A Day in the Sun: GT Solar’s Initial Public Offering
07/28/08 by Oxbury Research
Filed under Bourbon & Bayonets
With interest in alternative energy and the stocks that lie behind it, solar stocks have been the focus of much discussion, debate, and speculation this year. And last week, GT Solar International, Inc. (NASDAQ: SOLR) announced an initial public offering of 30.3 million shares of its common stock, priced at $16.50 a share.
Despite its mid-range pricing however, the stock fell the day after opening 13.71 percent, to $12.59 a share. What is in store for this stock, and is it worth buying? That depends on your view of the future of solar systems in this country and abroad, as well as your stomach for volatility.
The New Hampshire-based GT Solar manufactures photovoltaic (PV) fabrication lines and PV manufacturing equipment, and it also supplies reactors for silicon production.
According to a press release from the company, GT Solar International “is a leading global provider of specialized manufacturing equipment and services essential for the production of photovoltaic wafers, cells and modules and polysilicon. The company’s principal products are directional solidification systems and chemical vapor deposition reactors and related equipment.”
GT Solar has been doing its thing since 1994, and in 2006 it entered the polysilicon production equipment market, with its Missoula, Montana-based Polysilicon Division. So the company is clearly no newbie to this industry. It knows its way around the solar landscape.
The fact is, though, solar is an industry that has yet to prove itself with consistent profits, stability, or predictability. Even a company as solid and well-respected as GT Solar will have a difficult time convincing investors and the public that it’s a good investment at the moment.
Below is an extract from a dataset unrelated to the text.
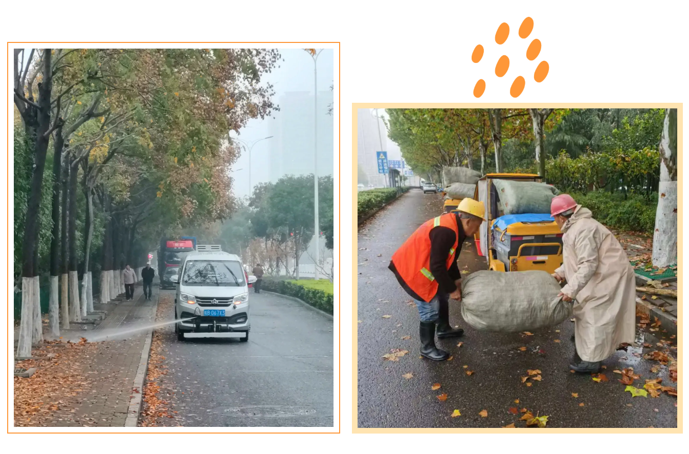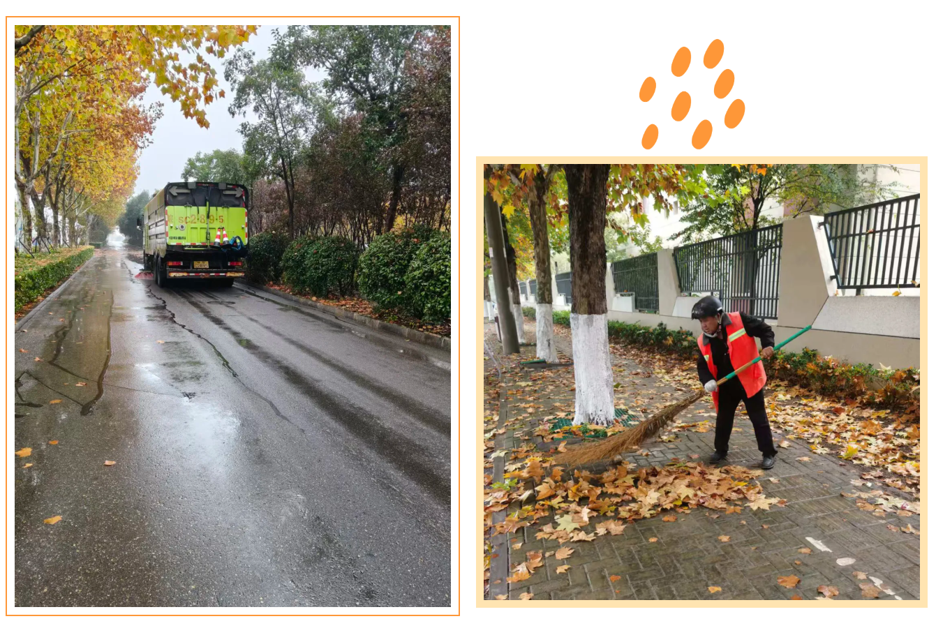 針對落葉集中、人流量大的重點區(qū)域,增派保潔人員與收運車輛,適當延長作業(yè)時間,采取“隨掃、隨清、隨運”的流水線作業(yè)方式,確保落葉即產(chǎn)即清、日產(chǎn)日清,最大限度減少對市民出行的影響,維護良好市容環(huán)境。

In large part, investing in solar – or most any other alternative energy-related investment – is still a matter of faith. Faith that the market, profits, and money will follow what science and common sense have been telling us for years: that we must, and will, make “alternative” energies more mainstream. The question is, how fast will that happen, and what should we do with our money between now and then?
If you’re an optimist, you’ll look at the initial offering of a company like GT Solar International as an opportunity to get in on the ground floor of a company that’s blazing ahead into the future. If you’re more of a pessimist (or even a realist), you might wait to see if where we’re at now is the ground floor, or if we’re trying to get in the building a few flights up.
And as sure as the sun rises each day, we’ll eventually find out who was right.